## [What to produce]
Starting at the line with "Mountrath; County of" and going on through the line with "(사) 동의과학대 스포츠클럽 5월 운영일정 안내", reproduce each line in the records below exactly and nothing more.

## [Provided entries]
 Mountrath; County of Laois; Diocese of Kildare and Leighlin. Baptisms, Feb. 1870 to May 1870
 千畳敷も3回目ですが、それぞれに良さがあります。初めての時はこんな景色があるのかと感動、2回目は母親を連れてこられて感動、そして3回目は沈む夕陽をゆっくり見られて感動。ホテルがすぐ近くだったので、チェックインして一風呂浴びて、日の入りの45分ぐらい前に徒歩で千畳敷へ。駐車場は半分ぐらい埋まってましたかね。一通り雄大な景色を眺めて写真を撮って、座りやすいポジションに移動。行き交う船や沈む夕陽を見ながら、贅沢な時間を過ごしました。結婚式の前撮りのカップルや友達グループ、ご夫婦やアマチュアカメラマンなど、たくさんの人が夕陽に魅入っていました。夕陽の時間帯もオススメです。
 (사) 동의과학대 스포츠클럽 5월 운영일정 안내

--

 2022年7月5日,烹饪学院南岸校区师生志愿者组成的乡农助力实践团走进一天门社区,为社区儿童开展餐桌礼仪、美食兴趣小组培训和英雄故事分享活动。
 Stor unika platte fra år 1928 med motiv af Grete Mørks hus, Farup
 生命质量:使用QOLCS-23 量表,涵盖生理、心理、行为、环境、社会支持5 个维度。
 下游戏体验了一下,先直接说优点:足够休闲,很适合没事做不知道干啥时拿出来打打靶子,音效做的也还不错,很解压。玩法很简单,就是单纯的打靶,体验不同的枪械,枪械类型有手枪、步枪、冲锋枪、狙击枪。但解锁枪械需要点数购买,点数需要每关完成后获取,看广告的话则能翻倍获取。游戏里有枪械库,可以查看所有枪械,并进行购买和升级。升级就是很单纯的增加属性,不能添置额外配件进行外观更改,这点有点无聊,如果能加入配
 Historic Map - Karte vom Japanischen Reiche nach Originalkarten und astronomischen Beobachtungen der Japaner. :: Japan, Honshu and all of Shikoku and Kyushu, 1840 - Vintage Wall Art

## [Finished task]
 Mountrath; County of Laois; Diocese of Kildare and Leighlin. Baptisms, Feb. 1870 to May 1870
 千畳敷も3回目ですが、それぞれに良さがあります。初めての時はこんな景色があるのかと感動、2回目は母親を連れてこられて感動、そして3回目は沈む夕陽をゆっくり見られて感動。ホテルがすぐ近くだったので、チェックインして一風呂浴びて、日の入りの45分ぐらい前に徒歩で千畳敷へ。駐車場は半分ぐらい埋まってましたかね。一通り雄大な景色を眺めて写真を撮って、座りやすいポジションに移動。行き交う船や沈む夕陽を見ながら、贅沢な時間を過ごしました。結婚式の前撮りのカップルや友達グループ、ご夫婦やアマチュアカメラマンなど、たくさんの人が夕陽に魅入っていました。夕陽の時間帯もオススメです。
 (사) 동의과학대 스포츠클럽 5월 운영일정 안내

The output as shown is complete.